КНИППЕР. Вчера в кабинете Владимира Ивановича сидели с Алексеевыми и с ним и распределяли роли. Думают все, думают и ничего не выдумают. Мария Петровна умоляет только, чтобы Константин Сергеевич не играл Лопахина, и я с ней согласна. Ему надо играть Гаева, это ему нетрудно, и он отдохнет и воспрянет духом на этой роли. Не находишь ли ты? Хотя я высказываю актерские соображения. Лилиной страшно хочется играть Аню. Если, говорит, буду стара, могут мне сказать и выгнать, и я не обижусь. Варю ей не хочется играть, боится повториться. К.С. говорит, что она должна играть Шарлотту. Еще варьировали так: Раневская – Мария Федоровна, я – Шарлотта, но вряд ли. Мне хочется изящную роль. Если Андреева – Варю, то, по-моему, она не сделает, а Варя славная роль…
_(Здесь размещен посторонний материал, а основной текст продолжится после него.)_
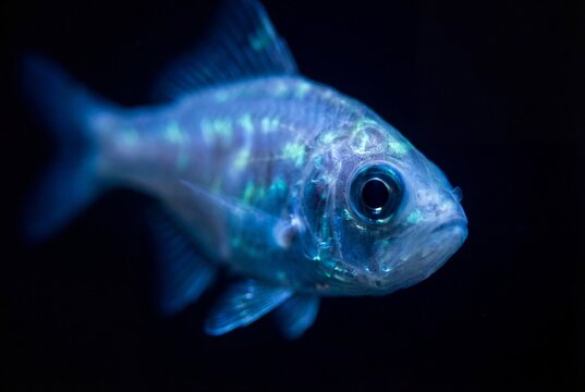 Close up view of translucent blue glass fish swimming in dark black water
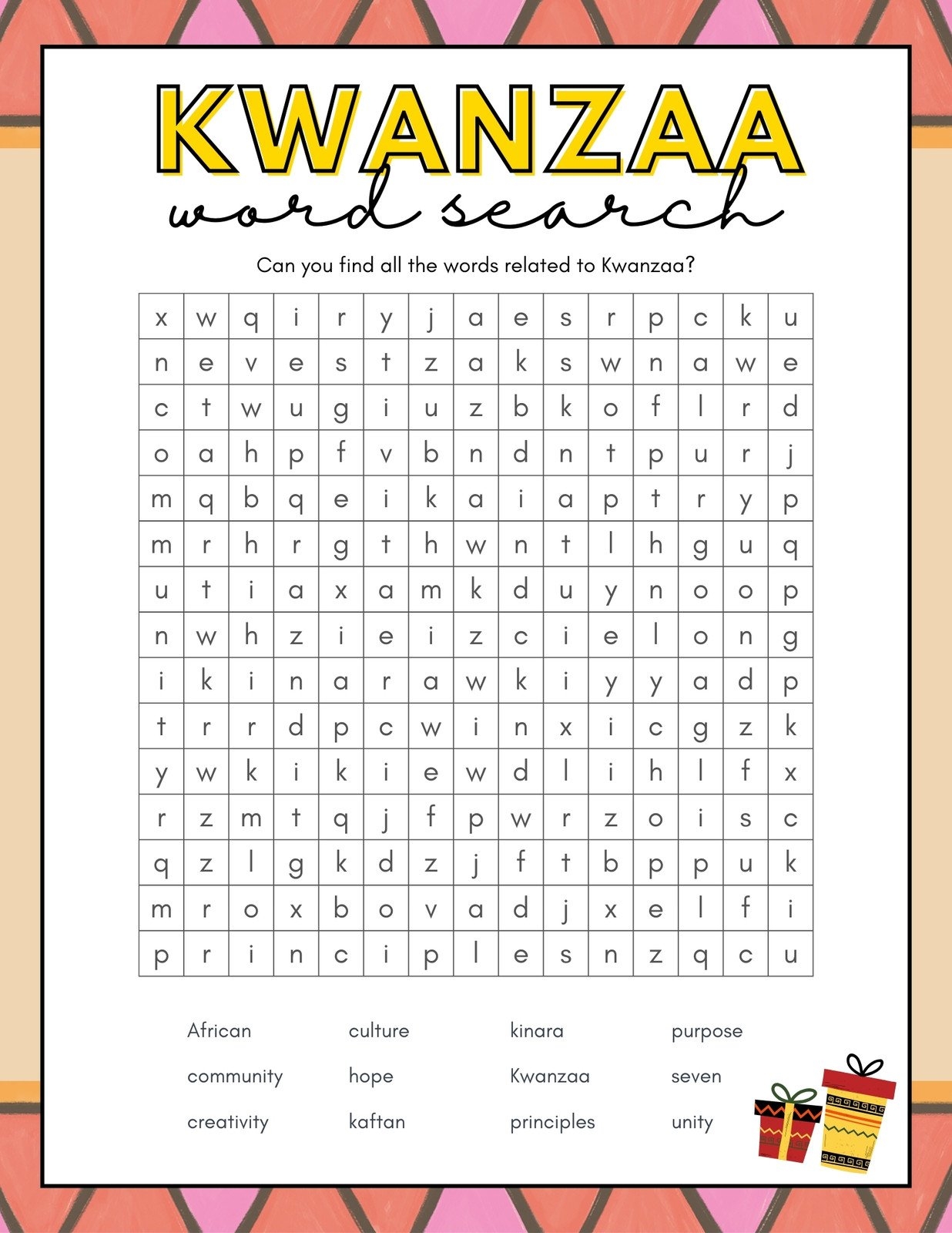 This activity is perfect for all ages, so gather your loved ones around, grab a pen or pencil, and start searching for the words together. It’s a great way to bond, have fun, and deepen your understanding of Kwanzaa.
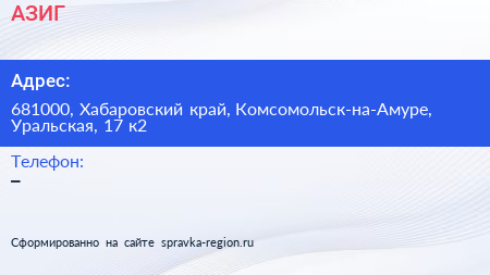 АЗИГ по адресу 681000, Хабаровский край, Комсомольск-на-Амуре, Уральская, 17 к2 в дальнейшем Организация, размещена в следующих категориях:
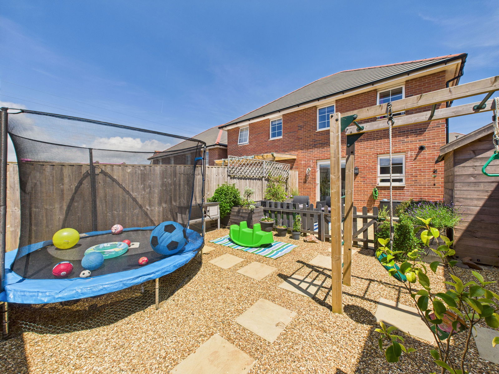 OUTSIDE A sun soaked south west facing enclosed rear garden that has been thoughtfully designed for ease of maintenance with a large patio area with a raised flower bed border perfect for alfresco dining and entertaining, with a further section laid to pebble stones.

Лилина кипятится. Ее дразнят, что Аню будет играть Андреева. Она говорит, если дадут Аню молоденькой – то она молчит, но если Андреевой, то она протестует.
В иных источниках: «… а Варя главная роль…». Роль Ани, которую могла сыграть ученица, отдали Лилиной, роль Вари – Андреевой, по желанию Немировича-Данченко, которого решительно поддержал Чехов, который в декабре был в Москве и присутствовал на репетициях.
Постановкой «Вишневого сада» Чехов был недоволен. Он писал жене: «Одно могу сказать: сгубил мне пьесу Станиславский». Художественный театр снова вступил в полосу неудач. Отворачиваясь от Горького, не поняли и новой пьесы Чехова, будто не читали ее вовсе, как стал утверждать автор. Приняли «Вишневый сад» за драму, когда это комедия, пронизанная порывами к новой жизни.
Ялта. 20 апреля 1904 года.
ЧЕХОВ. Уеду я из Ялты не без удовольствия; скучно здесь, весны нет, да и нездоровится.
Ты спрашиваешь: что такое жизнь? Это все равно что спросить: что такое морковка? Морковка есть морковка, и больше ничего неизвестно.
Чехов с женой уехал из Москвы 3 июня 1904 года за границу.
Баденвейлер. 28 июня 1904 года.
ЧЕХОВ. Милая Маша, здесь жара наступила жестокая, застала меня врасплох, так как у меня с собой все зимние костюмы, я задыхаюсь и мечтаю о том, чтобы выехать отсюда. Но куда? Хотел я в Италию на Комо, но там все разбежались от жары. Везде на юге Европы жарко. Я хотел проплыть от Триеста до Одессы на пароходе, но не знаю, насколько это теперь, в июне-июле, возможно… А по железной дороге, признаться, я побаиваюсь ехать. В вагоне теперь задохнешься, особенно при моей одышке, которая усиливается от малейшего пустяка.
Не знаю, что и делать. Ольга поехала в Фрейбург заказывать мне фланелевый костюм, здесь в Баденвейлере ни портных, ни сапожников.
Ни одной прилично одетой немки, безвкусица, наводящая уныние.
Ну, будь здорова и весела, поклон мамаше, Ване, Жоржу, бабушке и всем прочим. Пиши. Целую тебя, жму руку.
Это последнее письмо Чехова. Он скончался 2 июля 1904 года.
Что такое жизнь? Из ответа Чехова выходит: жизнь есть жизнь, и больше ничего неизвестно.